[[ INFORMATION GIVEN, beginning ]]

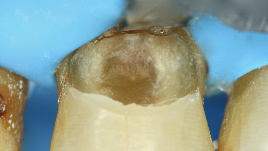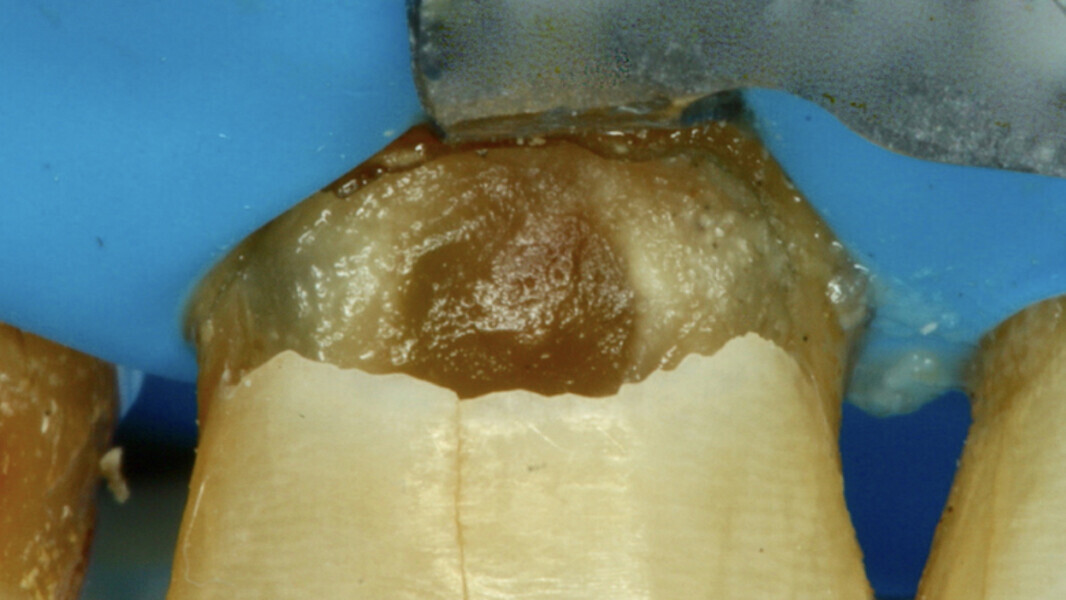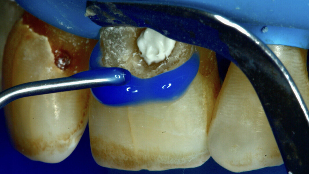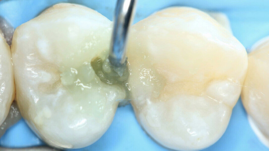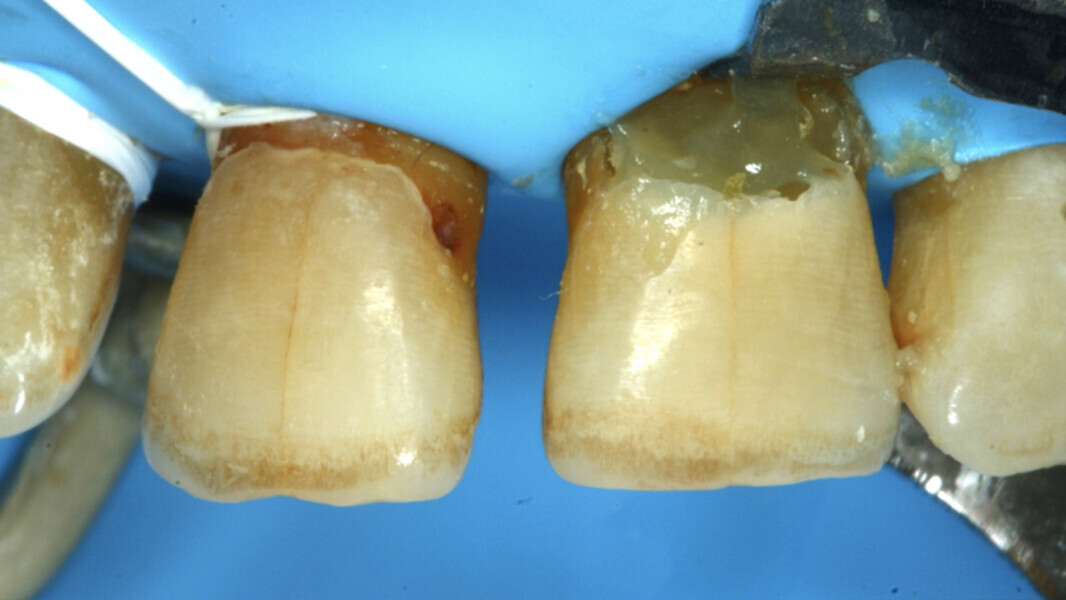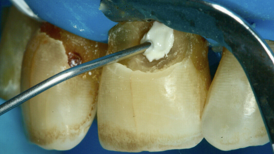 Figura 4. Remoción químico-mecánica del tejido cariado utilizando el agente enzimático Brix3000 durante 2 minutos.
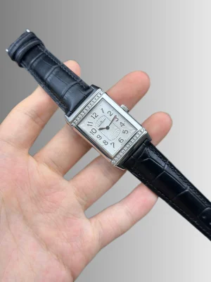 Jaeger-lecoultre, Reverso Series, Model: Q3208421, ladies' watch, 98 new condition, 40×24mm dial, manual mechanical, stainless steel with original diamond setting.
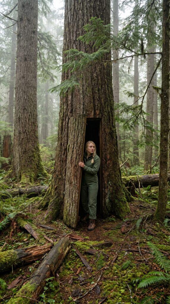 Inside the tree, a concealed wooden door blends with the inner bark. When closed, it becomes nearly invisible from outside. The occupant can quietly push the door open from within the trunk and step directly into the forest.
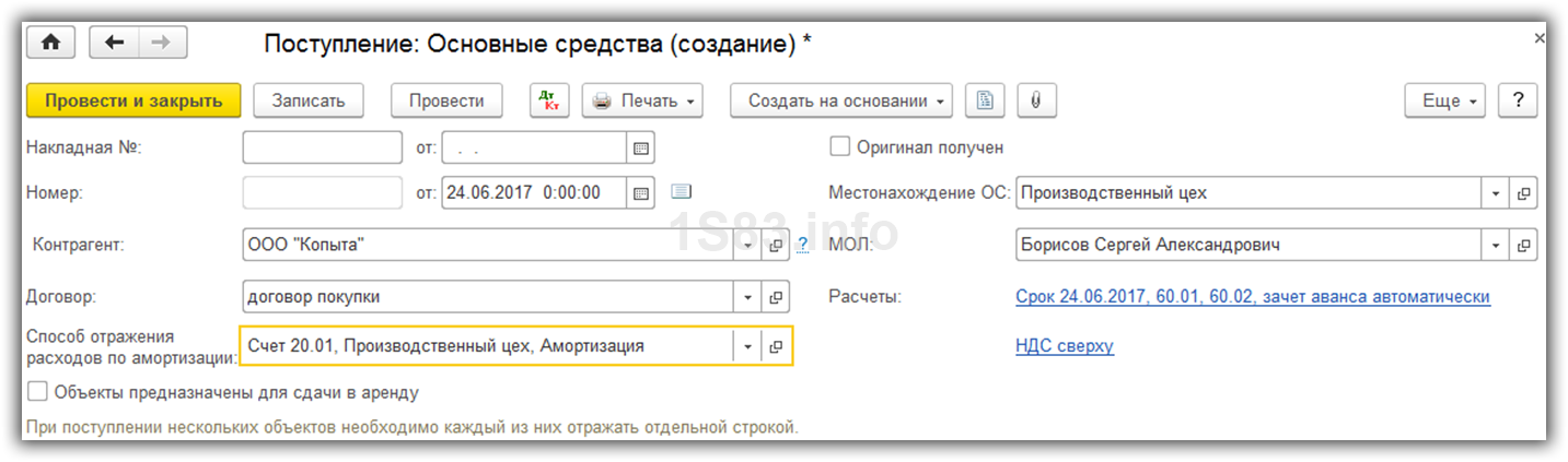 В открывшемся окне нажмите на кнопку «Создать». В его шапке укажите контрагента, который поставляет нас данный станок, и выберите договор. Если данный объект предназначен для сдачи в аренду, отметьте это.
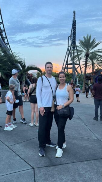 TRACK & FIELD – Troféu CACAU DE OURO 2025 Inaugurada em novembro de 2023, pelo casal empreendedor Janaína Almeida e José Goularte, a franquia TRACK E FIELD CACOAL do ramo de moda fitness, academia e corrida atende o público feminino, masculino e infantil. A marca TRACK & FIELD tem o propósito de levar aos clientes e pessoas que buscam o MOVIMENTO DO CORPO, bem estar, saúde e melhoria de qualidade de vida, que possam utilizar as peças com tecnologia Thermo Dry, qualidade e leveza. Os produtos TRACK E FIELD chama a atenção pela tecnologia exclusiva, qualidade, sofisticação e beleza em suas peças. Na foto Janaína e José Goularte em recente temporada na Disney em Orlando/EUA, se organizam para receber o tradicional Troféu CACAU DE OURO 2025 pela TRACK & FIEL CACOAL
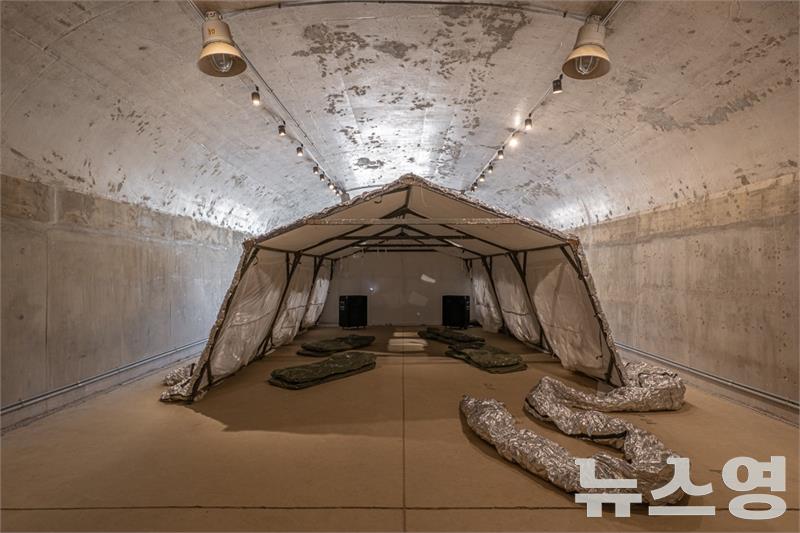 먼저 전시공간 리뉴얼의 하나로, 산업 잔재를 예술로 전환해온 연진영 작가의 신작 ‘주름진 서식지(Folded Habitat)’가 탄약고 2관에서 선보인다. 작품은 실제 미군이 사용했던 막사, 텐트, 생존 담요 등 군용 물품을 해체·재조합해 긴장과 생존의 흔적이 남은 공간을 ‘생명과 공존의 서식지’로 재해석한 설치 예술 작품이다.
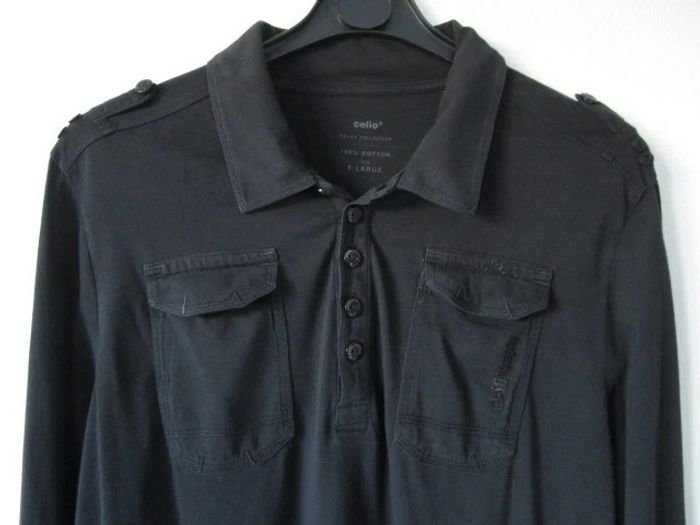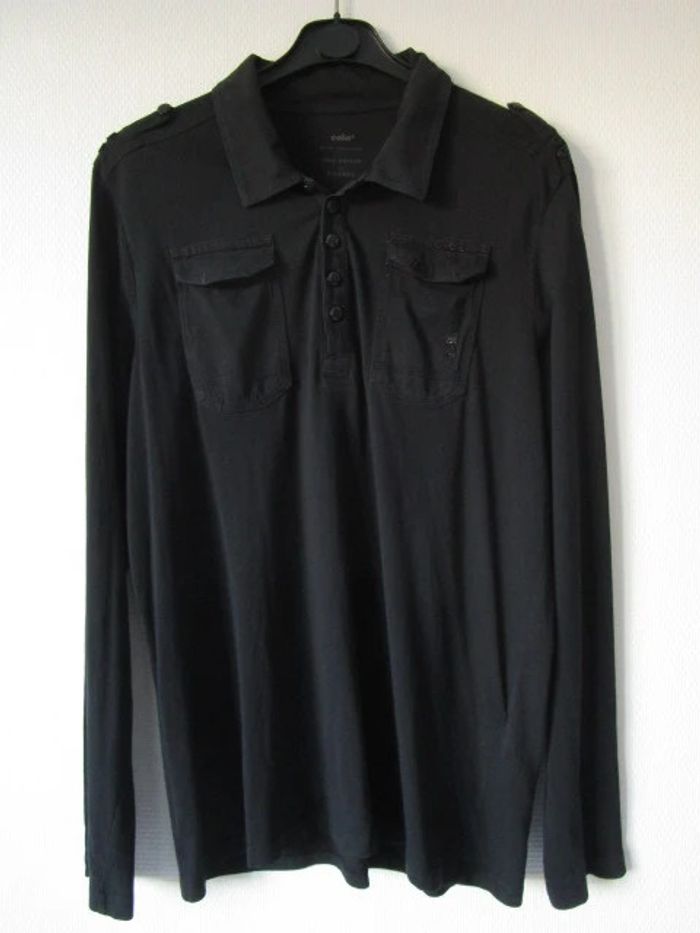 Polo noir de marque Celio taille XL Manches longues Matière t-shirt Poches poitrine 100% coton Largeur carrure : 46 cm Largeur aisselle à aisselle : 60 cm Longueur : 76 cm En très bon état #mamanbrade59hommexl
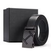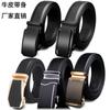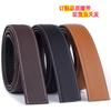 Cinturón plano de cuero de 3,5 pulgadas sin hebilla para hombre, de piel de vaca negra, con hebilla lisa y estampado de lichi, capa superior de cuero.
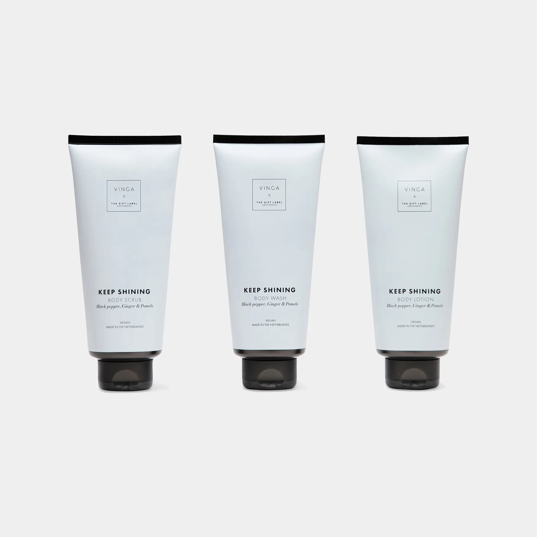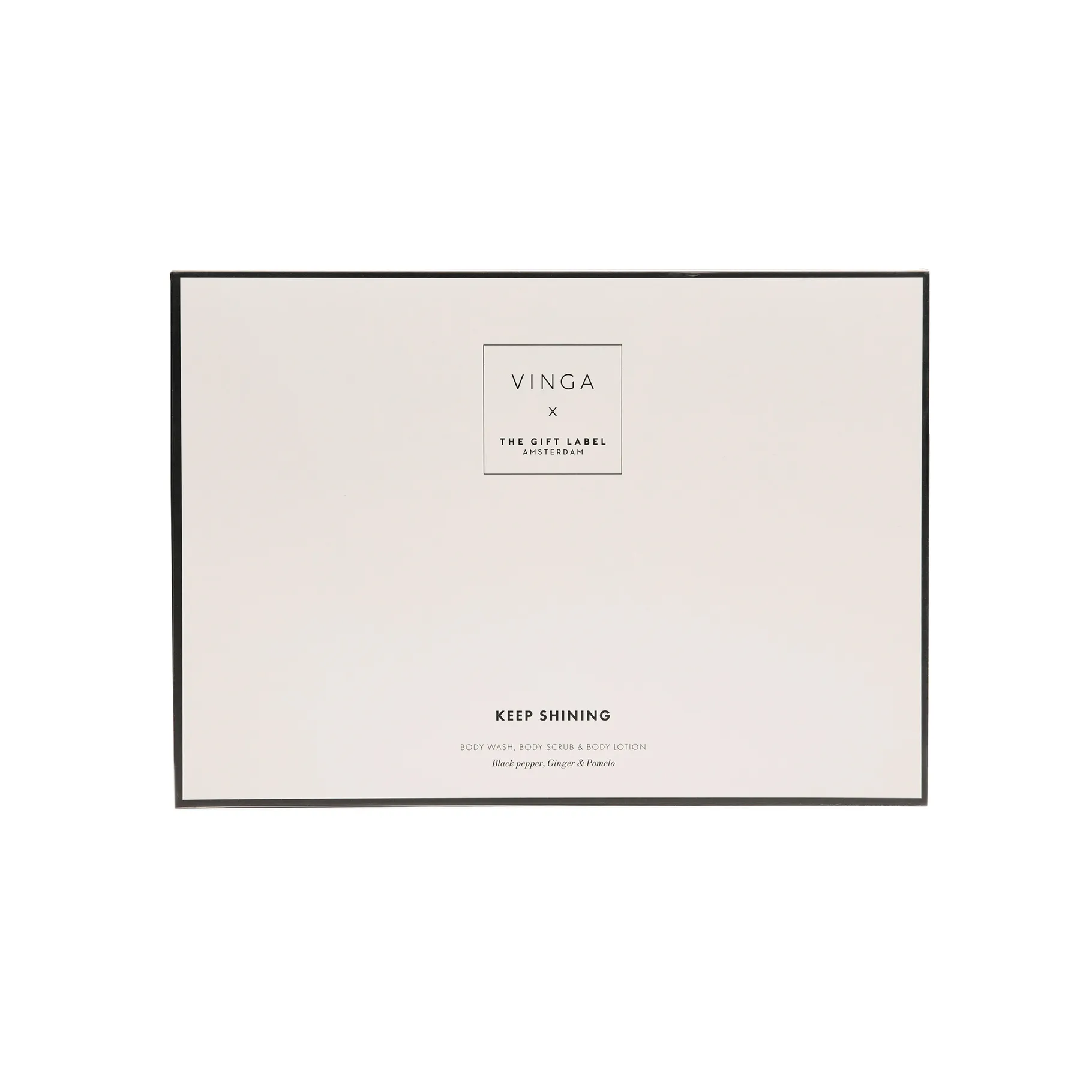 VINGA x TGL sadarbības rezultātā tapušais komplekts piedāvā pilna cikla ķermeņa kopšanu. Dušas želeja maigi attīra ādu, neizsausinot to, savukārt ķermeņa skrubis palīdz atbrīvoties no atmirušajām ādas šūnām, uzlabojot mikrocirkulāciju un sagatavojot ādu mitrināšanai. Rituālu noslēdz ķermeņa losjons, kas ātri iesūcas un atstāj ādu elastīgu un smalki smaržojošu visas dienas garumā.

[[ INFORMATION GIVEN, end ]]

TASK REQUIREMENTS
Your answer must be the lines above from the one holding "TRACK & FIELD –" up to and including the one holding "Cinturón plano de", exact and with no pictures.

TASK SOLUTION
 TRACK & FIELD – Troféu CACAU DE OURO 2025 Inaugurada em novembro de 2023, pelo casal empreendedor Janaína Almeida e José Goularte, a franquia TRACK E FIELD CACOAL do ramo de moda fitness, academia e corrida atende o público feminino, masculino e infantil. A marca TRACK & FIELD tem o propósito de levar aos clientes e pessoas que buscam o MOVIMENTO DO CORPO, bem estar, saúde e melhoria de qualidade de vida, que possam utilizar as peças com tecnologia Thermo Dry, qualidade e leveza. Os produtos TRACK E FIELD chama a atenção pela tecnologia exclusiva, qualidade, sofisticação e beleza em suas peças. Na foto Janaína e José Goularte em recente temporada na Disney em Orlando/EUA, se organizam para receber o tradicional Troféu CACAU DE OURO 2025 pela TRACK & FIEL CACOAL
 먼저 전시공간 리뉴얼의 하나로, 산업 잔재를 예술로 전환해온 연진영 작가의 신작 ‘주름진 서식지(Folded Habitat)’가 탄약고 2관에서 선보인다. 작품은 실제 미군이 사용했던 막사, 텐트, 생존 담요 등 군용 물품을 해체·재조합해 긴장과 생존의 흔적이 남은 공간을 ‘생명과 공존의 서식지’로 재해석한 설치 예술 작품이다.
 Polo noir de marque Celio taille XL Manches longues Matière t-shirt Poches poitrine 100% coton Largeur carrure : 46 cm Largeur aisselle à aisselle : 60 cm Longueur : 76 cm En très bon état #mamanbrade59hommexl
 Cinturón plano de cuero de 3,5 pulgadas sin hebilla para hombre, de piel de vaca negra, con hebilla lisa y estampado de lichi, capa superior de cuero.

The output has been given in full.